In contrast to A Canadian Gun-pit, this painting—A Battery Shelled—was done in a more abstract style. While still depicting a battery of siege guns, the view is from above and there is no use of perspective; rather, the size of the figures and the tones define the space. Set amid a landscape pulverized by bombardment into a rutted, mazelike terrain impeding movement, small orange-colored figures scramble around in the middle distance, “all draggingly and as though wounded, because they know it is no good moving quickly,” Lewis wrote in another letter. The figures are angular, mechanical objects. Some are wounded, and an officer directs other men to assist a fallen comrade, while other figures service their heavy weapons. Behind them, shattered trees meld with zigzag patterns trailing through a gray-white sky, suggestive of shells in midair.

WHEN A BATTERY SHELLED WAS FIRST SHOWN at London’s Royal Academy in December 1919, visitors were perplexed by the apparent contradiction in style between the abstract human forms caught in the heat of the explosions and three realistic figures of soldiers who stand above the devastation in the left foreground of the canvas. One of them, silhouetted against a white circular stretch of sky that may denote an explosion, is smoking a pipe as he looks down with indifference toward two small figures just below him. Another of the three soldiers, his back to the viewer, also seems unmoved by the battle action. The third soldier wears a tired expression and looks away from the battle.
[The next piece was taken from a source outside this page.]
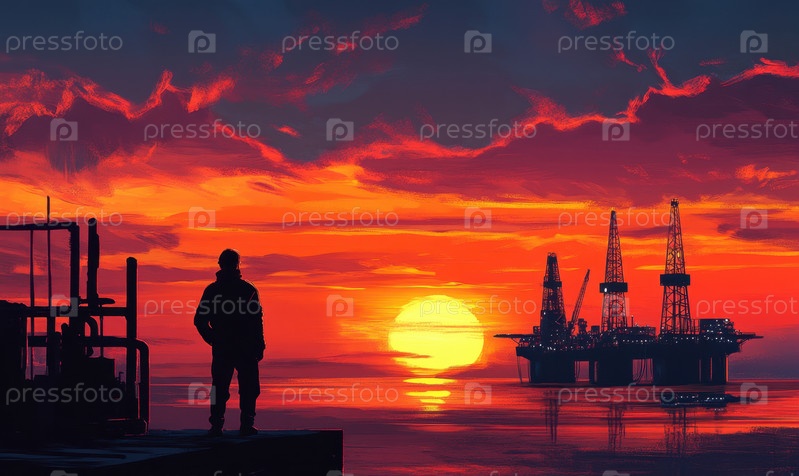 Величественная морская нефтяная вышка на закате: взгляд на индустриальную красоту

Could he represent the artist himself? And are these men part of the action, or resting from it, even invalided? Or will they shortly be entering the fray and thereby become automatons transformed by the industrialization of the war? Art critic Richard Cork suggests that by separating these three figures from the rest of the scene Lewis may have “wanted them to signify his own postwar mood, newly awakened from the ‘sleep’ and questioning the viability of the more ‘geometrical’ idiom employed in the shell-wrecked landscape.”
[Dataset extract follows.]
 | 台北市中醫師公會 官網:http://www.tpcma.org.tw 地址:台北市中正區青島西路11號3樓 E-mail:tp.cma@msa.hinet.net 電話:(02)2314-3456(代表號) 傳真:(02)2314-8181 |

This angular, jarring work reflected Lewis’s pre-war avant-garde technique, and that drew criticism. The Daily Graphic called the painting “distasteful and inappropriate.” But some reviewers were most positive: The Times’ critic felt that the artist had allowed nature to “intrude her irrelevancies, nor has he submitted to any convention of design.” Overall, the negative reception of the painting had a lasting effect on Lewis’s career.

The painting had been Lewis’s personal meditation on war. He knew the fighting firsthand and empathized with the common soldier. His composition had attempted to capture the power of technology and machine-age weaponry and its domination over men during the Great War, making humans no more than industrial waste. As Samuel Hynes wrote in A War Imagined, if the conflict had been a “nightmare in reality, then only a distorting, defamiliarizing technique could render it truthfully—art would have to become ‘untrue but accurate.’ ” A Battery Shelled certainly achieves that.

PETER HARRINGTON, a frequent contributor to MHQ, is curator of the Anne S. K. Brown Military Collection at Brown University. He writes and teaches on military art and artists.